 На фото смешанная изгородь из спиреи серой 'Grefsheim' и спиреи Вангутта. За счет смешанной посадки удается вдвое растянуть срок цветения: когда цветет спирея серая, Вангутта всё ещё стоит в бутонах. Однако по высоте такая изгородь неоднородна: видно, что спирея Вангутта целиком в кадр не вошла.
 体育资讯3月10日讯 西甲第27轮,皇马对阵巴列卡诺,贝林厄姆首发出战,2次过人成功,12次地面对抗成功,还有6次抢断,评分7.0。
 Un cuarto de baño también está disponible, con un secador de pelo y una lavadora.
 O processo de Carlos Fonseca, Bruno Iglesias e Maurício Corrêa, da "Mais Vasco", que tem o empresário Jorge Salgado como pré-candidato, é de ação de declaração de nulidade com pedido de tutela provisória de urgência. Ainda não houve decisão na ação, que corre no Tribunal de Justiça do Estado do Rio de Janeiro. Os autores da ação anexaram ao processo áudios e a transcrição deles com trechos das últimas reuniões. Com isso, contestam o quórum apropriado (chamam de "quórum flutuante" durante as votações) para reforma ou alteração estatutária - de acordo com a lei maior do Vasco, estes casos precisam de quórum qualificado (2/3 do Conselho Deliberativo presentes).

____

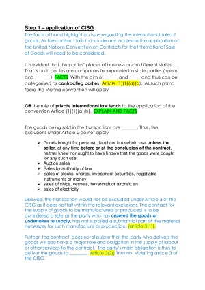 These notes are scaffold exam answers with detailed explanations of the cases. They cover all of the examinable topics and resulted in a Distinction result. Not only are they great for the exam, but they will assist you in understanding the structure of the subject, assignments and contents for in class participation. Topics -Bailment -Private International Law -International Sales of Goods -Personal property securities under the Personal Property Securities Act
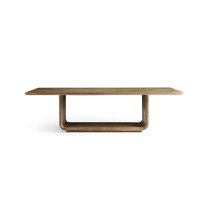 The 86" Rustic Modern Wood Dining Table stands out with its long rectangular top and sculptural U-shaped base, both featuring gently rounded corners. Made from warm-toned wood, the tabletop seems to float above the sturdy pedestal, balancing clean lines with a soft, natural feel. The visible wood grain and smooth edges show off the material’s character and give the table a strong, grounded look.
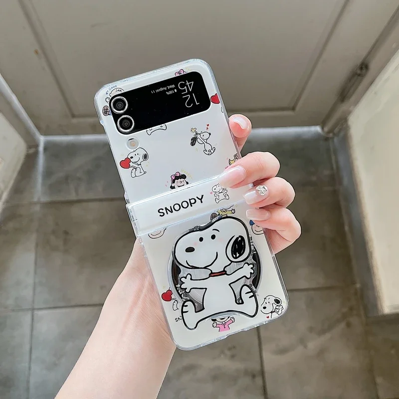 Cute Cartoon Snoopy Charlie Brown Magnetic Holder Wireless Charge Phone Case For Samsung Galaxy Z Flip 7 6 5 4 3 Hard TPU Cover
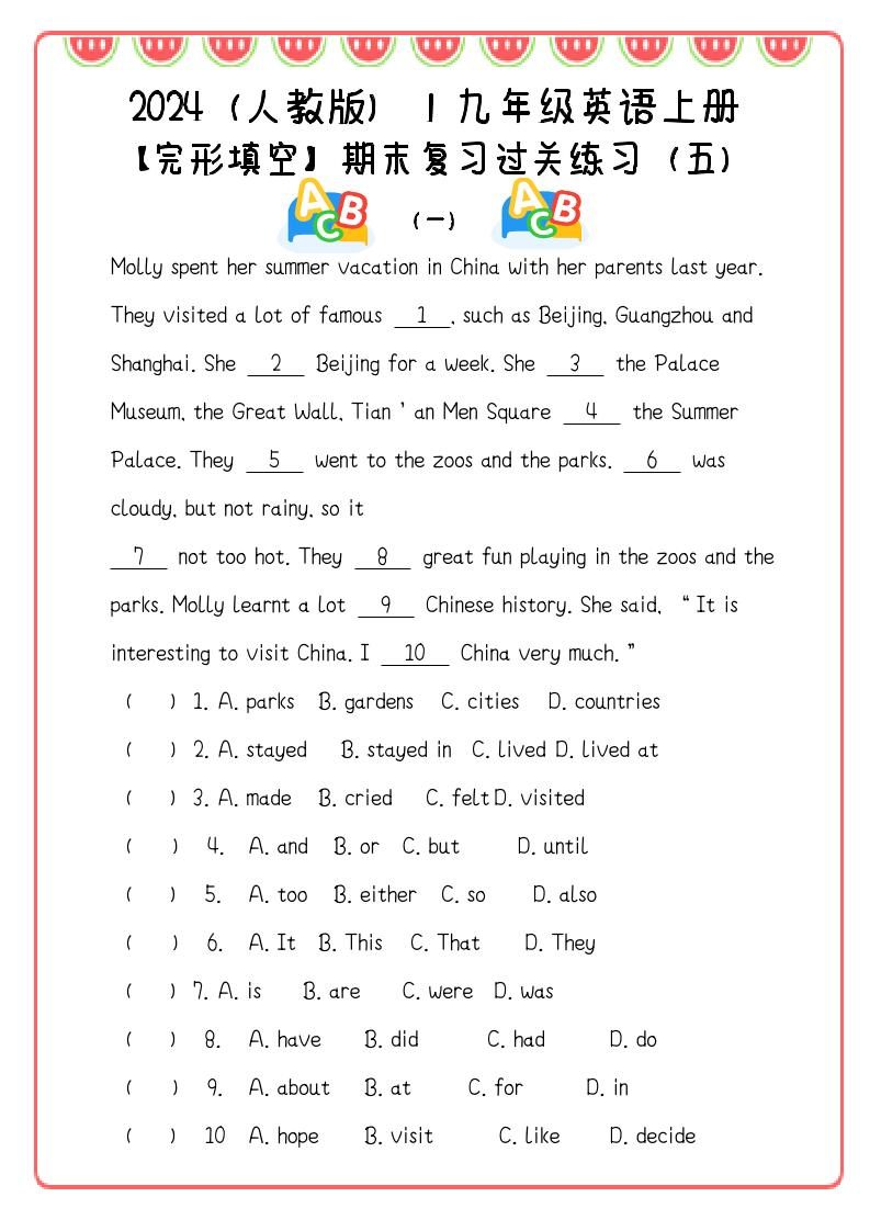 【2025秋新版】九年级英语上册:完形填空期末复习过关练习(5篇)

____

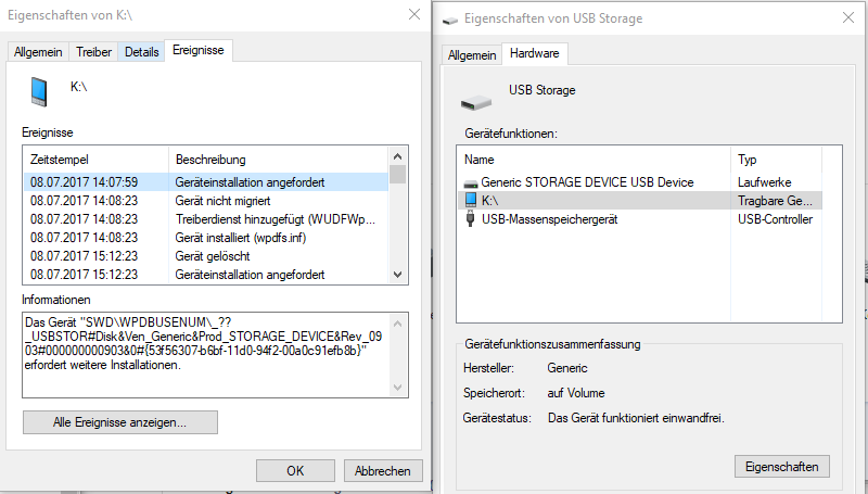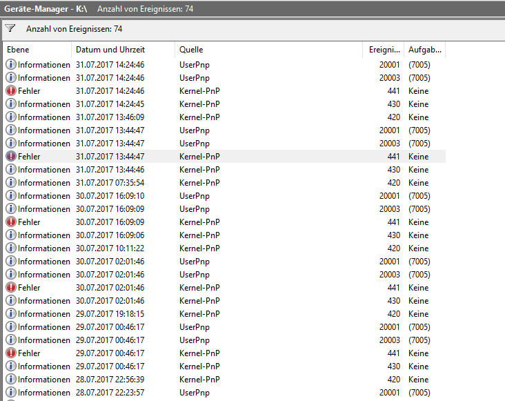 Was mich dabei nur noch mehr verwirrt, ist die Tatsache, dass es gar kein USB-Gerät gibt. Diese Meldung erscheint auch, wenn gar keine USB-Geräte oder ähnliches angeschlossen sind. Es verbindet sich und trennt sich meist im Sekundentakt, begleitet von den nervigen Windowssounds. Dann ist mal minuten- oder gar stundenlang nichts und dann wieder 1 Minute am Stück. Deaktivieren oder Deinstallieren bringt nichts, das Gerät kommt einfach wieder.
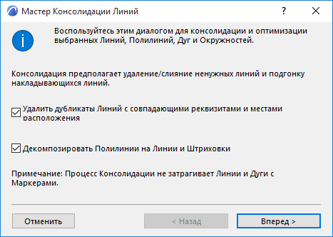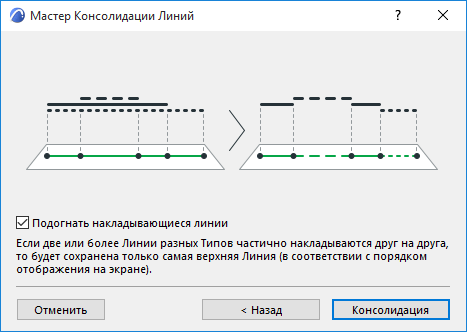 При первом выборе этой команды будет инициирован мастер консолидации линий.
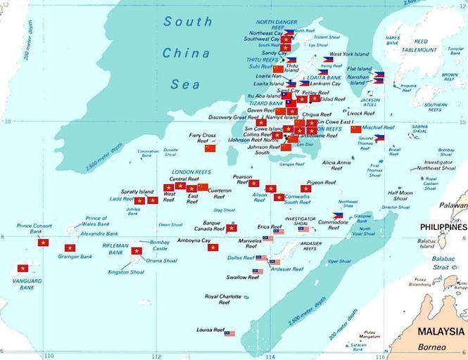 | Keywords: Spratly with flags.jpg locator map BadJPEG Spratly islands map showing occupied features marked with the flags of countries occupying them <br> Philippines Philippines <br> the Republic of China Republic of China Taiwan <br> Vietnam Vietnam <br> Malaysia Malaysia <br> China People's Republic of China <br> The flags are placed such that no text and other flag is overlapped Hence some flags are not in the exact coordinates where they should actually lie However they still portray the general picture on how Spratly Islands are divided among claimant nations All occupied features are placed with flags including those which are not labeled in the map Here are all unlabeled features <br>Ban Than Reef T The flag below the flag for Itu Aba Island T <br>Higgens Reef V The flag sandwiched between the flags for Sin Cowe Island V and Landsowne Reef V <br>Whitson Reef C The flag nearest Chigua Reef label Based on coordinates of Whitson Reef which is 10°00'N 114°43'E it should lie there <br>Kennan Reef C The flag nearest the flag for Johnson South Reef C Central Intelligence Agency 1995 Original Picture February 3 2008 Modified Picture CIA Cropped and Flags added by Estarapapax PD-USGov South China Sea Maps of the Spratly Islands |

____

WORK ITEM = Within the material above, find the part that opens with the line containing "These notes are" and closes with the line containing "Cute Cartoon Snoopy", and reproduce it exactly without the pictures.

SOLVED EXERCISE =
 These notes are scaffold exam answers with detailed explanations of the cases. They cover all of the examinable topics and resulted in a Distinction result. Not only are they great for the exam, but they will assist you in understanding the structure of the subject, assignments and contents for in class participation. Topics -Bailment -Private International Law -International Sales of Goods -Personal property securities under the Personal Property Securities Act
 The 86" Rustic Modern Wood Dining Table stands out with its long rectangular top and sculptural U-shaped base, both featuring gently rounded corners. Made from warm-toned wood, the tabletop seems to float above the sturdy pedestal, balancing clean lines with a soft, natural feel. The visible wood grain and smooth edges show off the material’s character and give the table a strong, grounded look.
 Cute Cartoon Snoopy Charlie Brown Magnetic Holder Wireless Charge Phone Case For Samsung Galaxy Z Flip 7 6 5 4 3 Hard TPU Cover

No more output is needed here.